Pepper is particularly sensitive to calcium deficiency at the fruit level (blossom end rot) and to irregular water supply. Stable drip irrigation management and adequate ventilation to prevent high relative humidity around the developing fruit are the main cultural requirements distinguishing successful pepper production from tomato or cucumber growing.

Leafy Salad Crops

Lettuce, spinach, rocket and mixed salad leaf production under cover occupies a distinctive position in Polish protected horticulture because it addresses the shoulder seasons — October through April — when outdoor salad supply from field production is absent. Unheated or lightly heated foil tunnels can extend the outdoor salad season by four to six weeks in autumn and achieve first harvest three to four weeks earlier than outdoor crops in spring.

Low Tunnel Production

Non-woven agrotextile covers over low hoops are used on a large scale for early spring lettuce and radish in Poland. The covers are typically left in place continuously until daytime temperatures exceed 15 °C, at which point they are removed or replaced with perforated film that provides lower thermal protection but allows some ventilation. Multiple sowings at two-week intervals provide a continuous harvest window without gaps.
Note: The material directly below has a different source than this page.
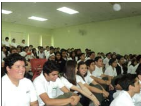
Alumnos del Instituto bilingüe Del Campo School, durante la presentación de la versión juvenil del INDH 2008/2009.

In central Poland, a low-tunnel spinach crop sown in early March under non-woven agrotextile can be ready for first harvest by mid-April — roughly three to four weeks ahead of an equivalent outdoor sowing. The extension is shorter in warmer southern areas and longer in the cooler northeastern regions.
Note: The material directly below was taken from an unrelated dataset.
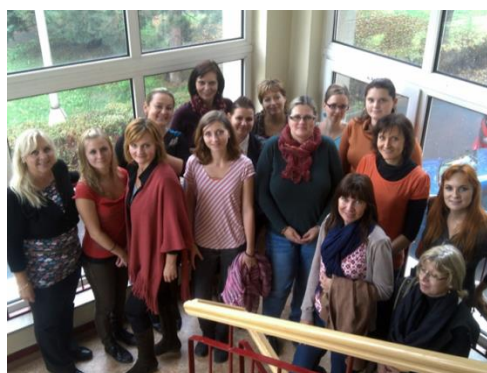
Obrázek 1 a 2: Fotografie zástupců členských organizací

Crop Rotation and Disease Management

Continuous soilborne production of the same crop family in unsterilised greenhouse soil leads to the build-up of soilborne pathogens — Fusarium oxysporum on tomatoes, Pythium species on cucumber — within a few production cycles. Commercial growers using soil-grown systems in Poland typically rotate between crop families on a two- to three-year cycle or move to raised substrate culture to break the cycle.
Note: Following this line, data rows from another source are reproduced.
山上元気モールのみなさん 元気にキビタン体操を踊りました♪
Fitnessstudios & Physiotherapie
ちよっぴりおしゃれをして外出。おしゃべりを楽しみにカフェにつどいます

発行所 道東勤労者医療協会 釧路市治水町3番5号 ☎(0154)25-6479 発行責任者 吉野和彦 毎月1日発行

Grafting tomatoes onto disease-resistant rootstocks is a widely practised solution for soilborne pathogen management in Polish commercial production. The most common rootstocks provide tolerance or resistance to Fusarium crown and root rot, Verticillium wilt and root-knot nematodes. Grafted transplants are available from specialist propagation nurseries or produced on-farm where volume justifies the investment in grafting and healing chambers.

Pollination Under Cover

Tomatoes and peppers require pollination for fruit set; cucumbers of the modern parthenocarpic types do not. On greenhouse tomato crops, bumblebee hives are placed within the growing structure as the standard approach. Bombus terrestris colonies reared for commercial horticulture are available from specialist suppliers and are introduced when first flowers open. A single hive is sufficient for a floor area of roughly 500–1000 m² depending on crop density and temperature. Bees work effectively between approximately 10 °C and 35 °C, which aligns well with the active growing temperature range of the tomato crop.